- Data shown -
>>>
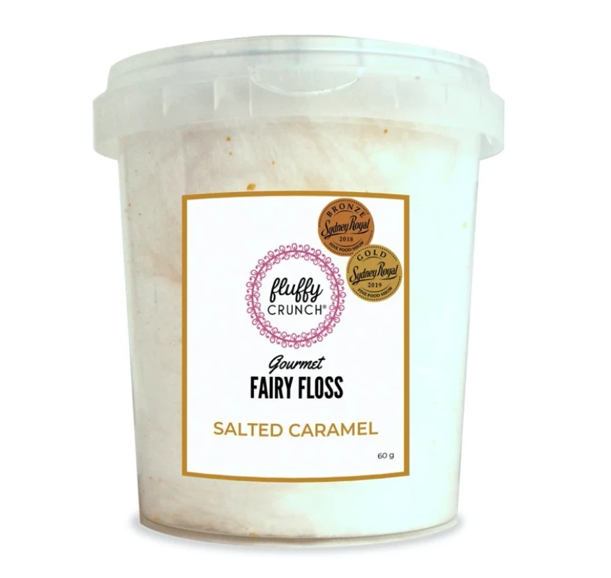 Our fanciest flavour and most awarded creation.A sensation combination of sweet & savoury. Caramel flavoured fairy floss dusted with powdered honeycomb and a pinch of Himalayan pink salt.
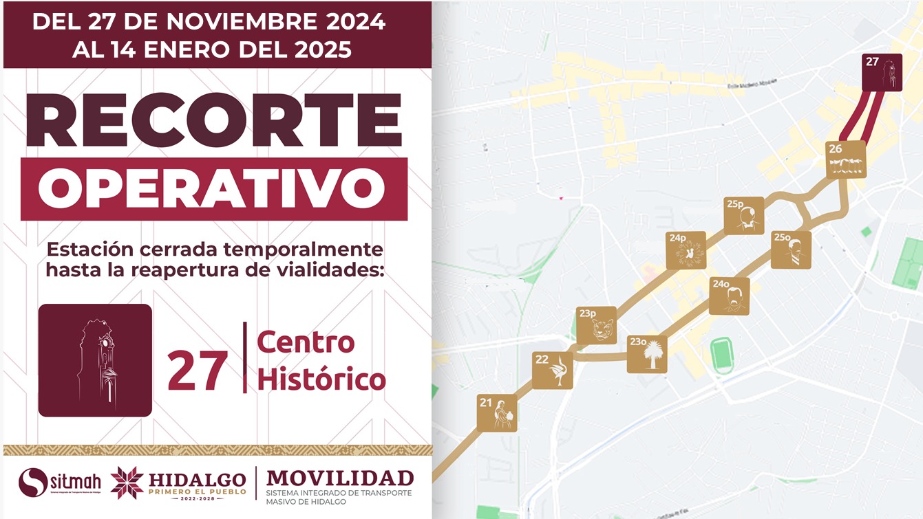 Durante este periodo, la estación Centro Histórico permanecerá cerrada debido a los preparativos y festividades decembrinas que se tiene contempladas en la capital hidalguense.
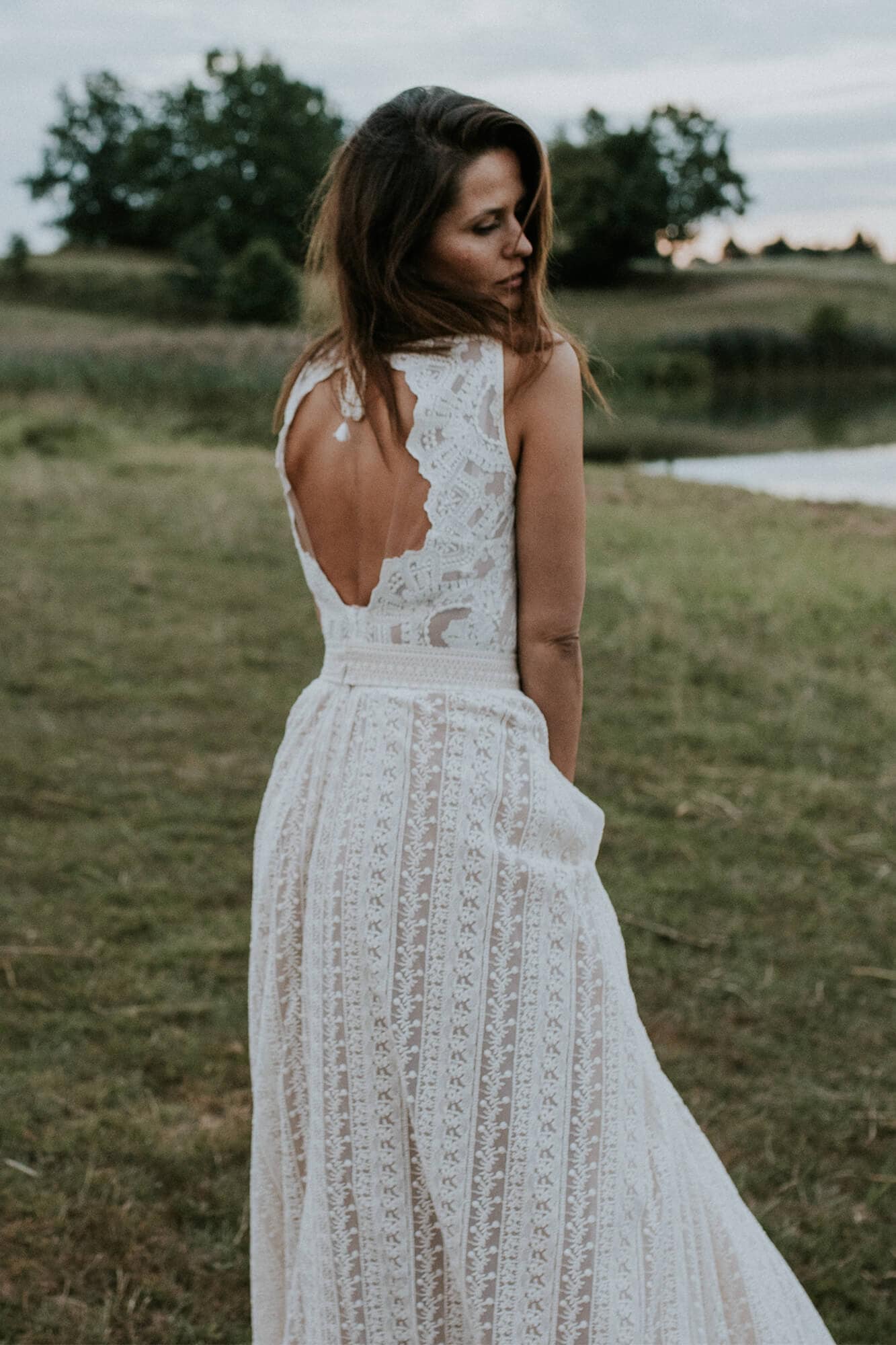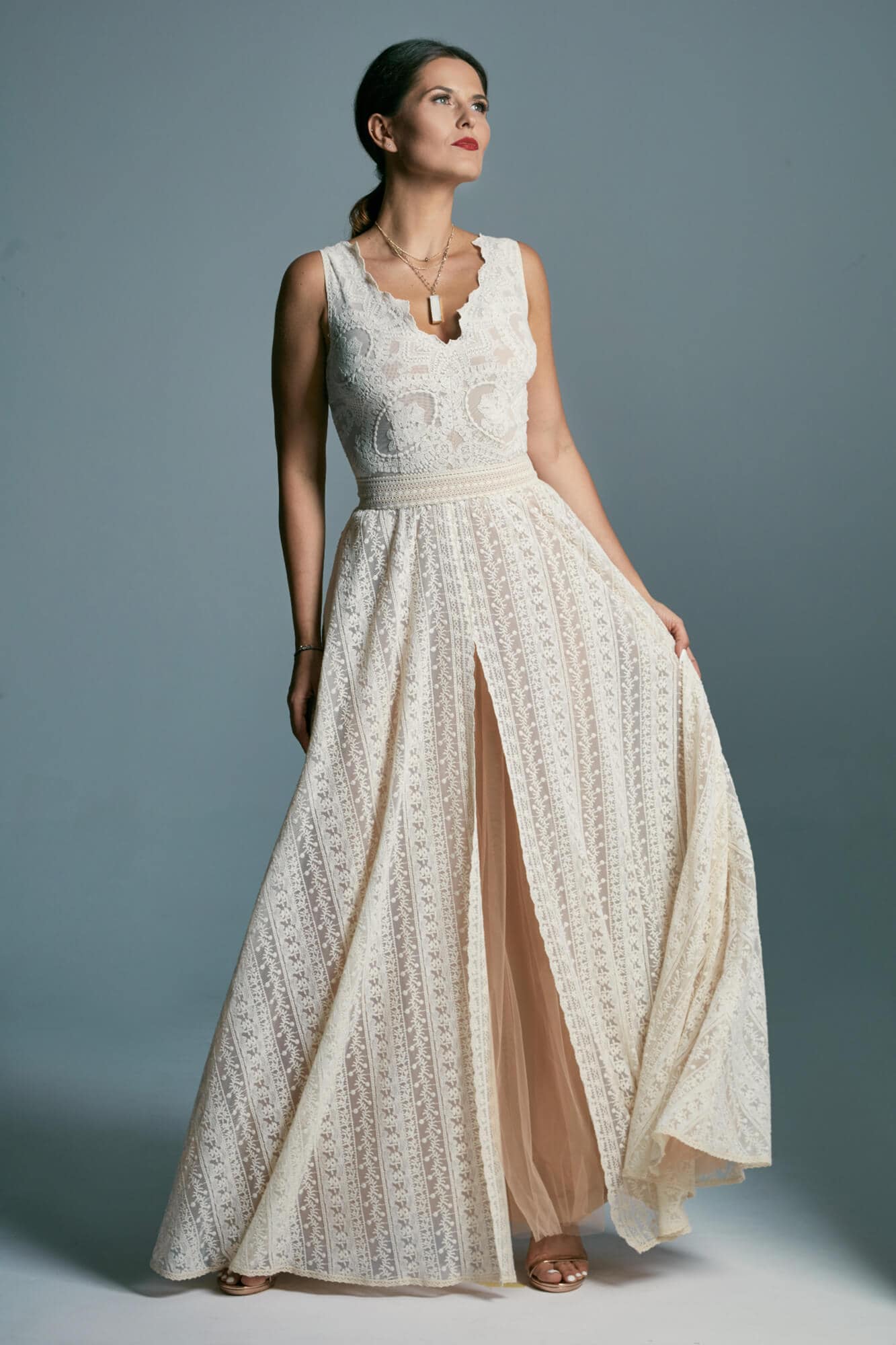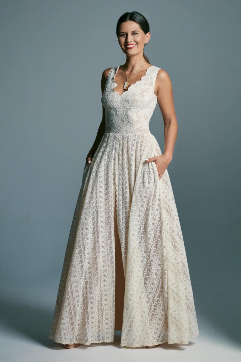 Boho suknia ślubna z bawełnianej, beżowej koronki, z obfitą spódnicą. Idealna propozycja dla dziewczyn, które kochają sielskie klimaty, ale jednocześnie chcą wyglądać elegancko. W oryginale suknia odsłania ramiona, plecy są wycięte, podszewka jest cielista, kontrastowa dla beżowej koronki a spódnica – mimo rozcięcia – nie odsłania nóg. Pamiętaj jednak, że szyjąc ten model dla Ciebie na miarę możemy dodać dowolne rękawy, zmienić objętość spódnicy, dodać rozcięcie w podszewce, po to by pokazać nogi, wymienić kolor podbicia na biały lub piaskowy czy przebudować plecy tak, by dało się założyć biustonosz.
<<<
- Problem -
Print each line of the listing exactly and include no pictures.

- Response area -
 Our fanciest flavour and most awarded creation.A sensation combination of sweet & savoury. Caramel flavoured fairy floss dusted with powdered honeycomb and a pinch of Himalayan pink salt.
 Durante este periodo, la estación Centro Histórico permanecerá cerrada debido a los preparativos y festividades decembrinas que se tiene contempladas en la capital hidalguense.
 Boho suknia ślubna z bawełnianej, beżowej koronki, z obfitą spódnicą. Idealna propozycja dla dziewczyn, które kochają sielskie klimaty, ale jednocześnie chcą wyglądać elegancko. W oryginale suknia odsłania ramiona, plecy są wycięte, podszewka jest cielista, kontrastowa dla beżowej koronki a spódnica – mimo rozcięcia – nie odsłania nóg. Pamiętaj jednak, że szyjąc ten model dla Ciebie na miarę możemy dodać dowolne rękawy, zmienić objętość spódnicy, dodać rozcięcie w podszewce, po to by pokazać nogi, wymienić kolor podbicia na biały lub piaskowy czy przebudować plecy tak, by dało się założyć biustonosz.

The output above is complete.